CodePudding user response:
I think you can optimized by storing the index of columns in some variable
with open('temp.txt') as f:
lines = f.readlines()
lines = [line.rstrip().split(",") for line in lines]
date_index, spf_index, long_interest_rate = 0, 1, 5
start_date, end_date = "01/06/2016", "31/05/2017"
mean_SP, max_interest = 0, -1000 # Some random negative number
for line in lines[1:]:
if start_date <= line[date_index] <= end_date:
mean_SP = float(line[spf_index])
max_interest = max(max_interest, float(line[long_interest_rate]))
mean_SP /= len(lines[1:])
print(mean_SP, max_interest)
CodePudding user response:
You can use pandas in order to help you select specific rows/columns of the table :
import pandas as pd
from datetime import datetime
# to read the txt file (if it does not work it's maybe that your txt file is in one line so check that)

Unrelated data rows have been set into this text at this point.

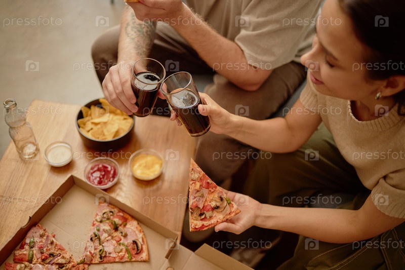 Молодая женщина и татуированный мужчина делятся пиццей и выпекают напитки в помещении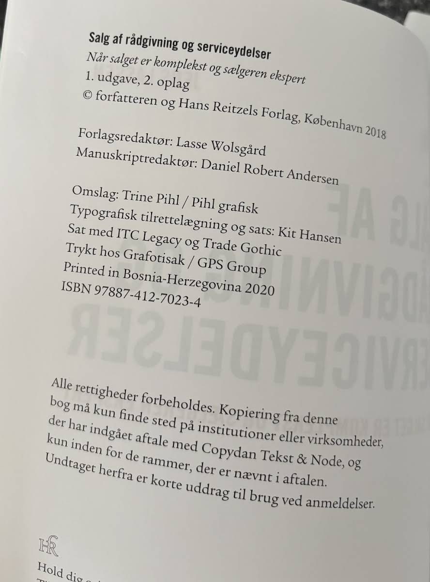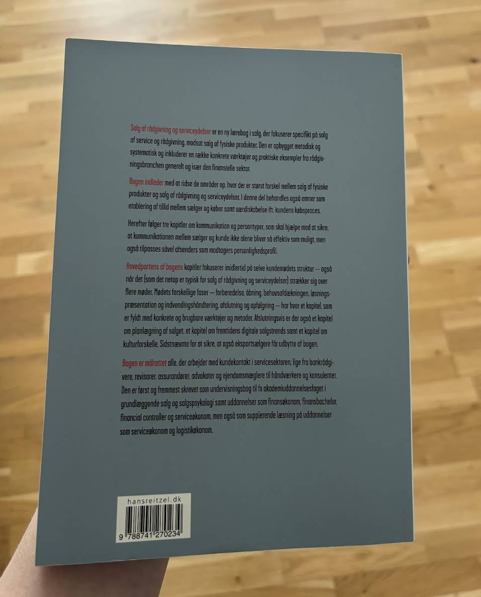 Salg er ligesom et håndværk, hvor de rette redskaber gør hele forskellen. I Salg af rådgivning og serviceydelser præsenterer Jens Lassen et omfattende perspektiv på, hvordan proaktivt salg og en velfyldt værktøjskasse giver sælgeren de bedste forudsætninger for at matche kundens behov og skabe værdifulde løsninger. Bogen fokuserer på, hvordan principper og metoder, der også anvendes i butikssalg inden for brancher som elektronik, vin, køkkener, badeværelser og autoværksteder, knytter ekspertrollen tæt sammen med rådgivende salgsteknikker. Bogen indledes med en klar afgrænsning af forskellene mellem salg af fysiske produkter og salg af rådgivning og serviceydelser, hvorefter de fundamentale elementer i en succesfuld salgsproces – forståelsen for kundens købsproces, værdiskabelse og tillid – udfoldes i detaljer. Herefter uddybes strukturen og de forskellige faser i kundemødet, inden kapitler om salgsplanlægning, personlig effektivitet og fremtidens digitale trends runder bogen af. Med sit indsigtsfulde indhold retter bogen sig primært mod studerende inden for finansøkonomi, serviceøkonomi og beslægtede uddannelser, men kan ligeledes anvendes som en værdifuld ressource på tværs af adskillige fagområder.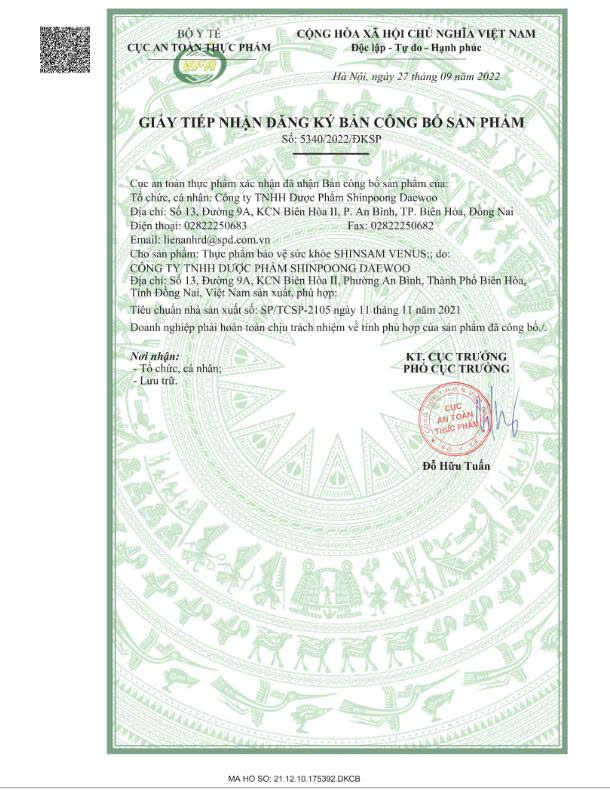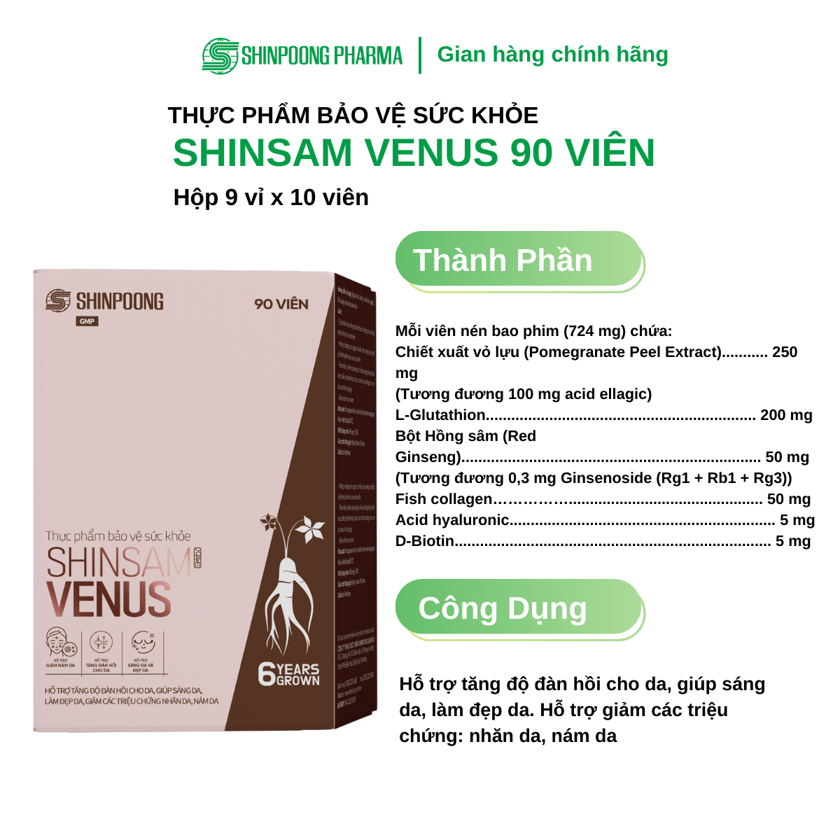Mua tại TiktokTHỰC PHẨM BẢO VỆ SỨC KHỎE SHINSAM VENUS THÀNH PHẦN Mỗi viên nén bao phim (724 mg) chứa: Chiết xuất vỏ lựu (Pomegranate Peel Extract) 250 mg (Tương đương 100 mg acid ellagic) L-G 200 mg Bột Hồng sâm (Red Ginseng) 50 mg (Tương đương 0,3 mg Ginsenoside (Rg1 + Rb1 + Rg3)) Fish collagen…………… 50 mg Acid 5 mg D-B 5 mg QUY CÁCH ĐÓNG GÓI Hộp 9 vỉ x 10 viên. CÔNG DỤNG Hỗ trợ tăng độ đàn hồi cho da, giúp sáng da, làm đẹp da. Hỗ trợ giảm nhăn da, nám da. ĐỐI TƯỢNG SỬ DỤNG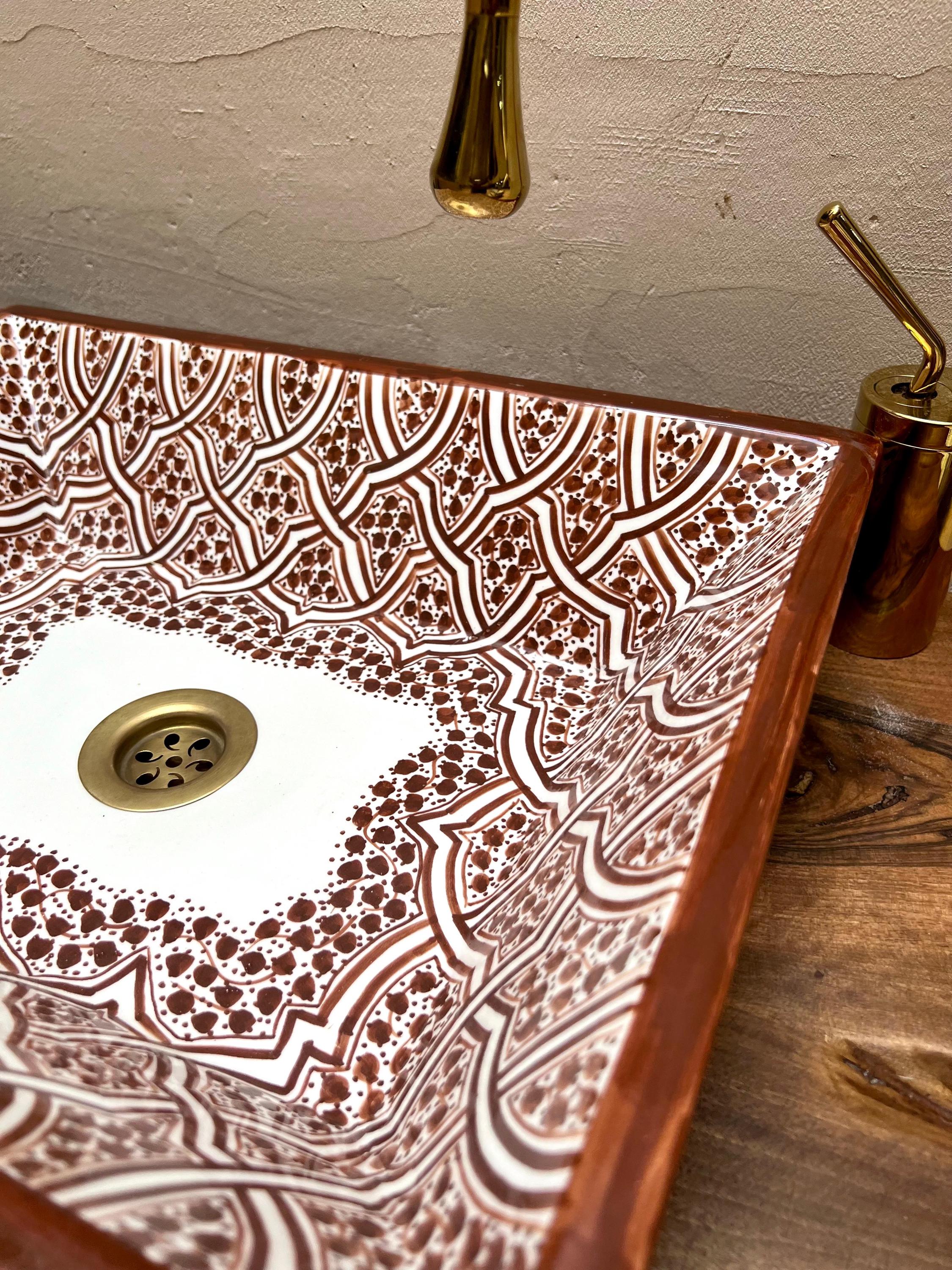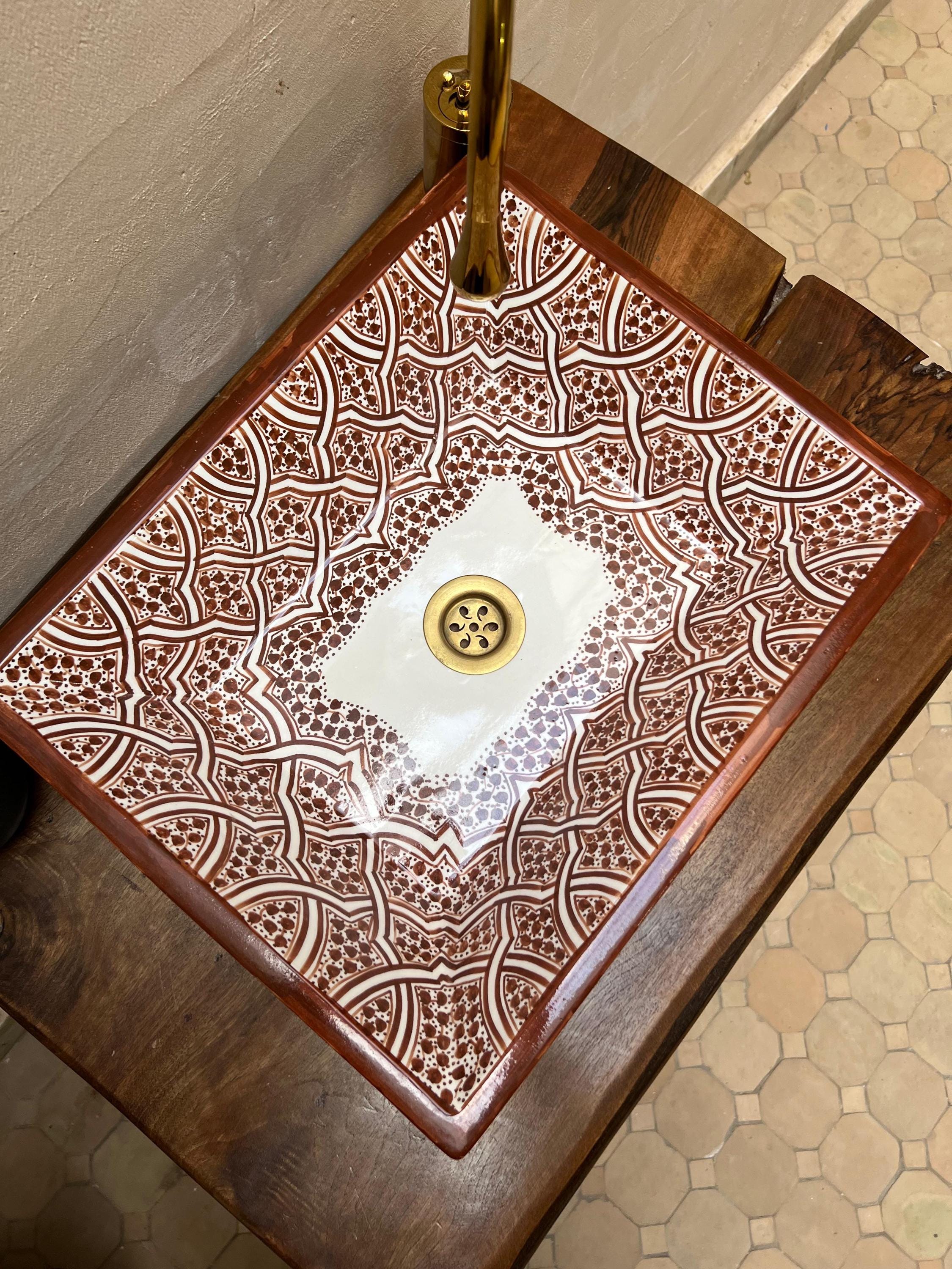 Handmade Moroccan Ceramic Sink: Brown Bug Design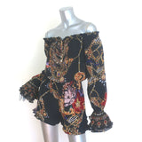 Camilla Drop Shoulder Frill Romper Black Embellished Silk Size Extra Small NEW

df = pd.read_csv("SP500.txt", sep=",")
df['Date'] = df['Date'].apply(lambda x:datetime.strptime(x, '%d/%m/%Y').date())
df.head()
Date SP500 Dividend Earnings Consumer Price Index \
0 2016-01-01 1918.60 43.55 86.50 236.92
1 2016-01-02 1904.42 43.72 86.47 237.11
2 2016-01-03 2021.95 43.88 86.44 238.13
3 2016-01-04 2075.54 44.07 86.60 239.26
4 2016-01-05 2065.55 44.27 86.76 240.23
Long Interest Rate Real Price Real Dividend Real Earnings PE10
0 2.09 2023.23 45.93 91.22 24.21
1 1.78 2006.62 46.06 91.11 24.00
2 1.89 2121.32 46.04 90.69 25.37
3 1.81 2167.27 46.02 90.43 25.92
4 1.81 2148.15 46.04 90.23 25.69
# for example to select the rows with a date later than 01-10-2016
df_ex = df[df['Date'] > datetime.strptime('01-10-2016', '%d-%m-%Y').date()]
df_ex.head()
Date SP500 Dividend Earnings Consumer Price Index \
12 2017-01-01 2275.12 45.93 96.46 242.84
13 2017-01-02 2329.91 46.15 98.38 243.60
14 2017-01-03 2366.82 46.38 100.29 243.80
15 2017-01-04 2359.31 46.66 101.53 244.52
16 2017-01-05 2395.35 46.94 102.78 244.73
Long Interest Rate Real Price Real Dividend Real Earnings PE10
12 2.43 2340.67 47.25 99.24 28.06
13 2.42 2389.52 47.33 100.89 28.66
14 2.48 2425.40 47.53 102.77 29.09
15 2.30 2410.56 47.67 103.74 28.90
16 2.30 2445.29 47.92 104.92 29.31
Then you can perform the calculations that you want by selecting the appropriate columns/rows this way.